Texas voters are getting younger and leaning toward Democrats, according to a recent poll analysis carried out by the opinion research institute TargetSmart.
While the state has historical elected Republican in major elections, new data shows democrats now make up 47 percent of voters under 25, up from 34 percent.
For many young voters, the political environment during their middle and high school experience has had a lasting impact on their view of politics.
“I got into politics when I was a freshman out of high school Parkland Shoot‘ said Allyson Campos, senior political scientist. “I realized that the school shooting drills that we do were not normal and the legislature is not protecting us.”
Campos went on to say that she felt many politicians had lost touch with the hopes and fears of the younger generation, and expressed her belief that choosing blue best reflects the ideas that matter most to Gen Z are.
Other students echoed Campos’ frustration with the current establishment, and some say it pushed them out of a previously apathetic attitude towards politics.
“It started with Trump, but it didn’t end with him,” said Francisco Alvarez, senior media production. “I have friends and family who are directly affected by the rulings on abortion, immigration and LGBT rights. I take politics personally because it directly hurts the people I love.”
For Alvarez, choosing blue is only part of the story. He believes young people have become more ideologically aware and the feeling that politics influences she personally pushed her to become more active.
Political science professor Brandon Rottinghaus says the rising number of young Democratic voters is not due to newcomers from other states.

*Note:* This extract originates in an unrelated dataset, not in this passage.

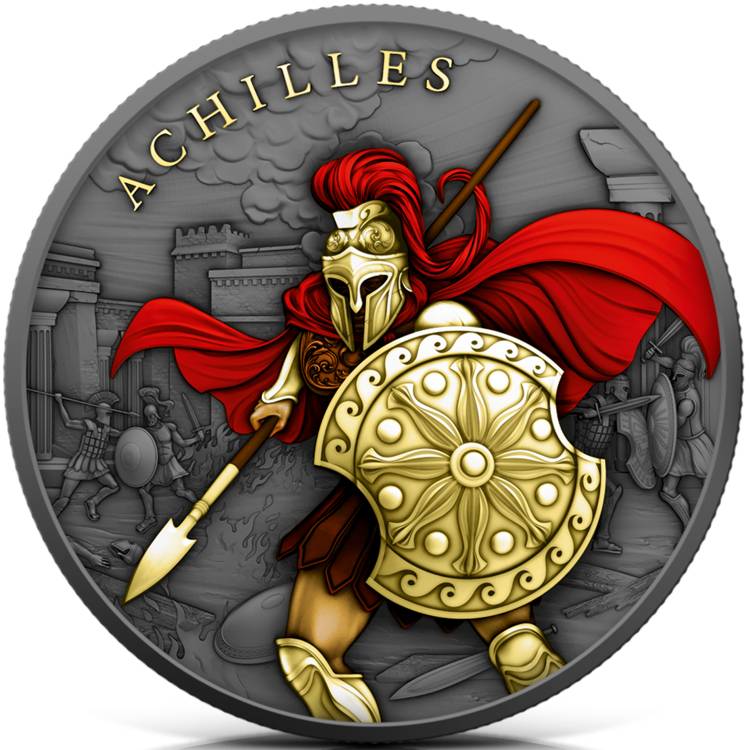 Crafted from .999 fine silver and meticulously adorned with 24k gold plating, ruthenium, and vibrant colorization, this 1 oz coin showcases a powerful image of Achilles, clad in armor and ready for battle. The intricate details, including the iconic shield and spear, highlight the hero’s prowess and bravery, while the background vividly captures a fierce combat scene.

Rather, the source of this increase comes from within Texas itself.
“Most of these young, progressive voters are local,” Rottinghaus said. “They grew up in Texas under Republican-dominated state politics and want alternatives.”
However, this increase is not limited to the production of young first-time voters. For many newly active students, raising awareness and advocating for the communities important to them is a priority.
“I believe that everything is political,” said Winnie Pham, a freshman major in political science. “My grandparents immigrated here after the Vietnam War because of a sponsorship. Because of these sponsors, my whole existence here is the result of politics.”
Pham said that awareness led her to enroll more than 50% of her senior class in an election campaign she organized. She continues to work with the Asian American community to assist them with local elections and voter registration.
For many students, the most recent Supreme Court Verdict which lifted federal protections for abortion rights, made politics deeply personal. 88 percent of young voters support some form of abortion, but it remains to be seen how much this shift will affect local elections.
“This shift will not be rapid, but it will be steady,” Rottinghaus said. “It takes time for changing demographics to affect election results, especially in a state as big as Texas.”